今回は、固定資産税評価額を見直す方向のようですが、固定資産税評価額は総務大臣が告示する「固定資産評価基準」に基づき算定され、建物については「再建築価格方式」、いわゆる「再調達原価方式」が採用されています。
つまり、「建築費」をベースに評価が行われています。
そこにはマンションの「階数」は考慮されません。
マンション各部屋の天井高、付帯設備の状況等に著しい差があれば、各部屋の税額を調整する規定はありますので、そこに「階数」を加味することは理論上可能かもしれませんが…。
そもそも、「絶対に高層階の方が価格が高い」と言い切っていいのでしょうか。
震災の後は低層階に人気が出ましたし、中庭に面した中層階の人気が高いマンションもあります。
タワマンの命は眺望ですので、北側に東京タワーが良く見えるのであれば、南向きより北向きの方が高額で取引されます。
階数や面積、間取りが同じでも、角部屋かどうかで価格も違います。
「超高層建築物」と呼ばれる、建築基準法における高さ60m超の建物には、より厳しい構造耐力が求められます。
そこで、「60m(大体20階位)超の部分は別の評価基準を適用させる」となった場合、「19階の方がお得」と、19階と20階で市場価値が逆転してしまう可能性もあります。

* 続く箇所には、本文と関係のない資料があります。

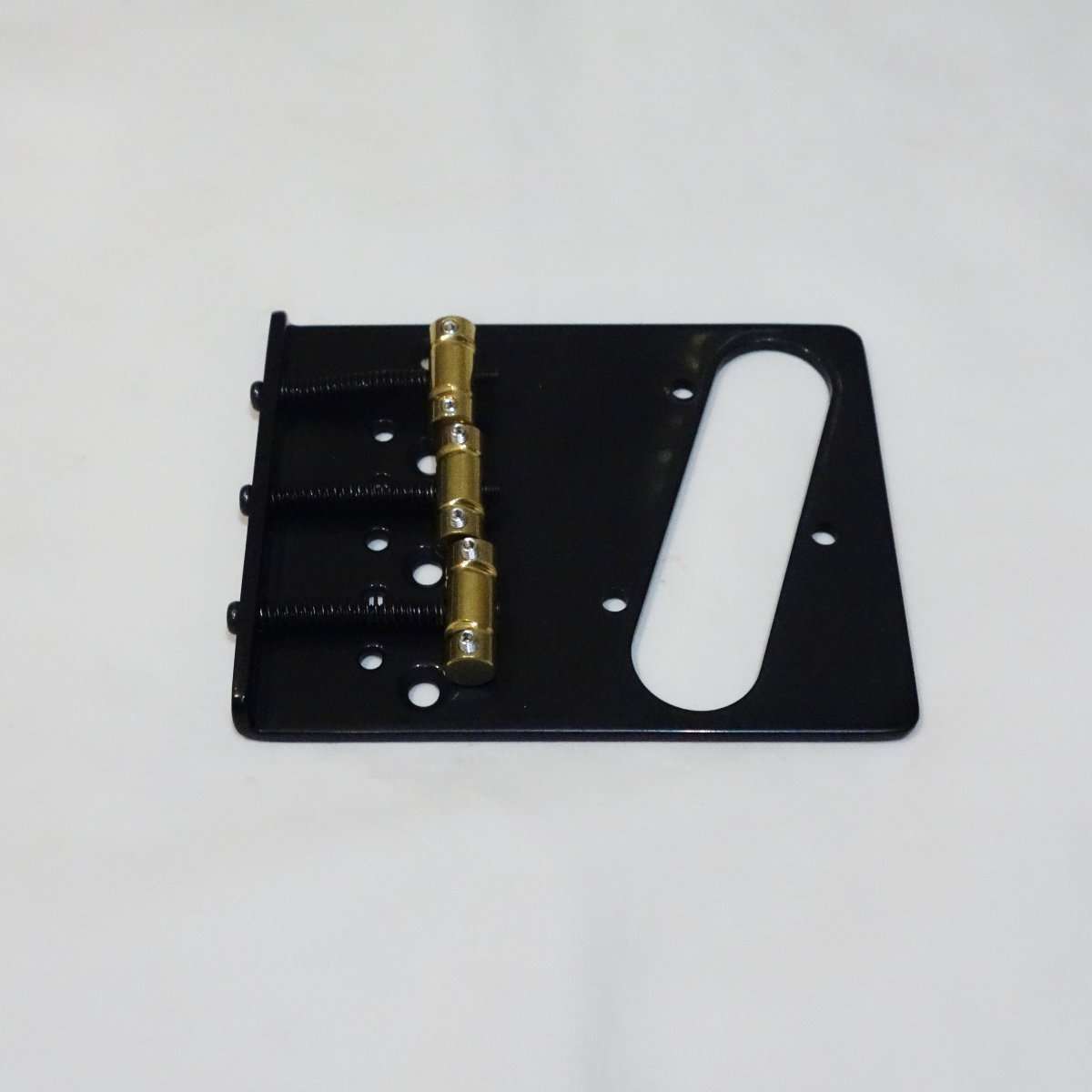 ブリッジも回路を組む時にブラックのパーツに入れ替えるためGotoh In-Tune BS-TC2を用意しました。Gotohのインチューンブリッジは3連のブラスサドルが使われていて音質にも優れているだけでなく、弦のトップローディング(表通し)も可能な機能的にも優れたブリッジです。しかも3連サドルの各頂点が各弦に合わせて前後されていてイントネーション(オクターブチューニング)も合わせやすくなっています。

国税庁が見直しにやっきになっている事情はよく分かります。
時価1億円のタワマンが、物件によっては10百万円近くまで相続税評価が下がる場合があるのですから。
固定資産税は相続税のように一時にかかる税金ではなく、継続的にかかる税金です。
ですから、見直すとしても、相当慎重に検討しないと、将来とんでもないことになってしまう可能性もあります。
固定資産税評価の見直しを行うのか、
固定資産税評価の見直しを諦め、国税庁が通達改正によりメスを入れるのか、
今回は諦め、見直さないのか、
果たしてどうなるのか、気になりますね。